Страница 88 из 91
— А правда, что если подышать жабой — пройдёт ангина?
Мы доедали вайнэпфели, полено потрескивало в очаге, сквозь трещину вился дымок. Бабушка задумчиво оглядела кусочек яблока перед тем, как съесть его.
— Болит горло? — деланно спокойно спросила она.
— У меня был вопрос, — рассердился я. — Не выкручивайтесь.
— Но у меня не всегда есть ответ, — весело сказала бабушка. — Ты унёс мои бланки…
— У вас есть Книга жалоб, — сердито сказал я.

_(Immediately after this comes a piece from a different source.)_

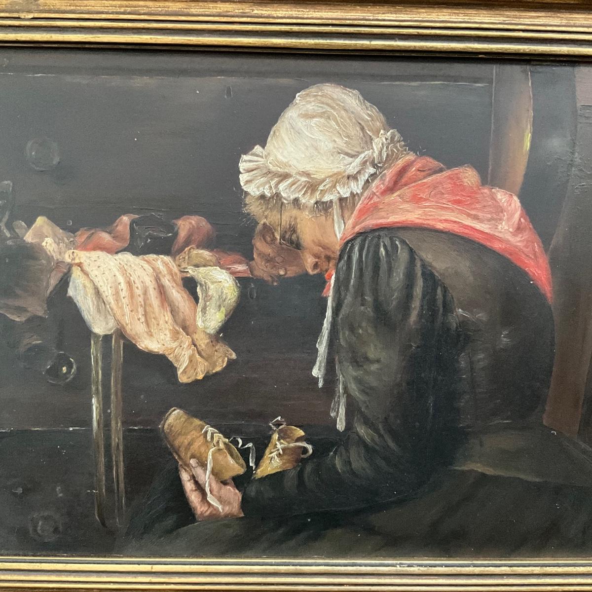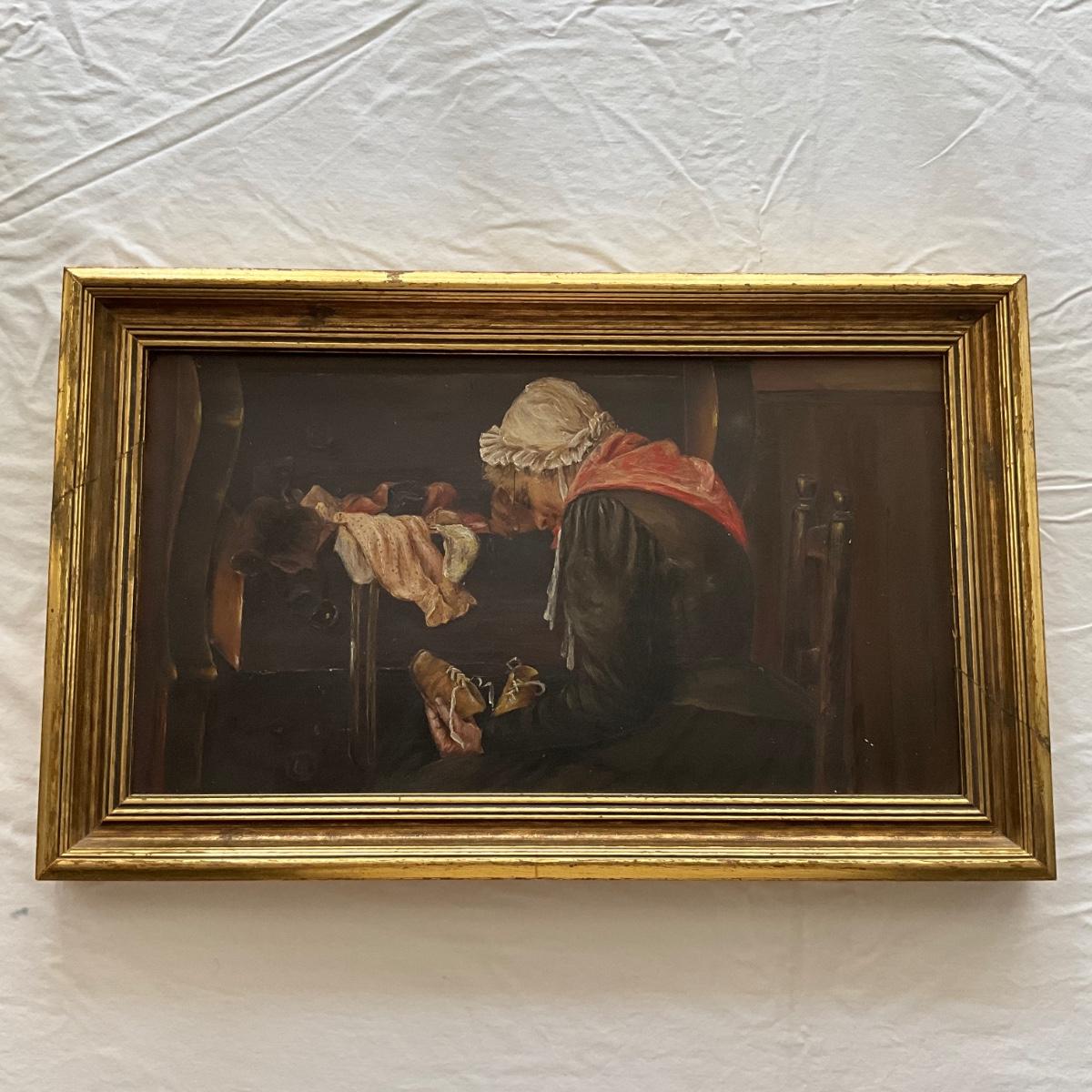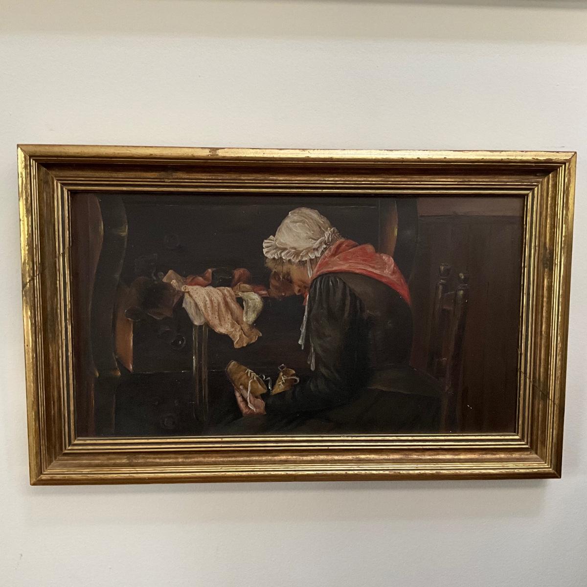 F-1144 Antique Oil Painting in the manner of Harry Roseland "Tender Memories"

— Дуться — привычка плохая, очень, — ответила бабушка и с аппетитом приступила к очередному яблоку.
— Чего вдруг?
— Настанет разлитие желчи и очи жёлтые абсолютно, — сахарным голосом произнесла бабушка и отпила крошечный глоток кофе.
— Красиво, — заметил я и перевернул на блюдце свою чашку. Бабушка глянула на меня искоса.
— Что красивого в жёлтых очах? — искренне удивилась она. — Может хочешь, жебы спросили кто ты — сова или тигрус?
— Сказано красиво, в рифму, — ответил я и покачался на стуле. — Разлитие желчи… и жёлтые очи, очи, как ночи…
— То у твоей мамы, — мечтательно сказала бабушка. — Очи, как ночи. Мне всегда такие нравились.
— Так всё-таки насчёт жабы? — уточнил я. — Вы все называете меня тритоном, имеется в виду земноводное?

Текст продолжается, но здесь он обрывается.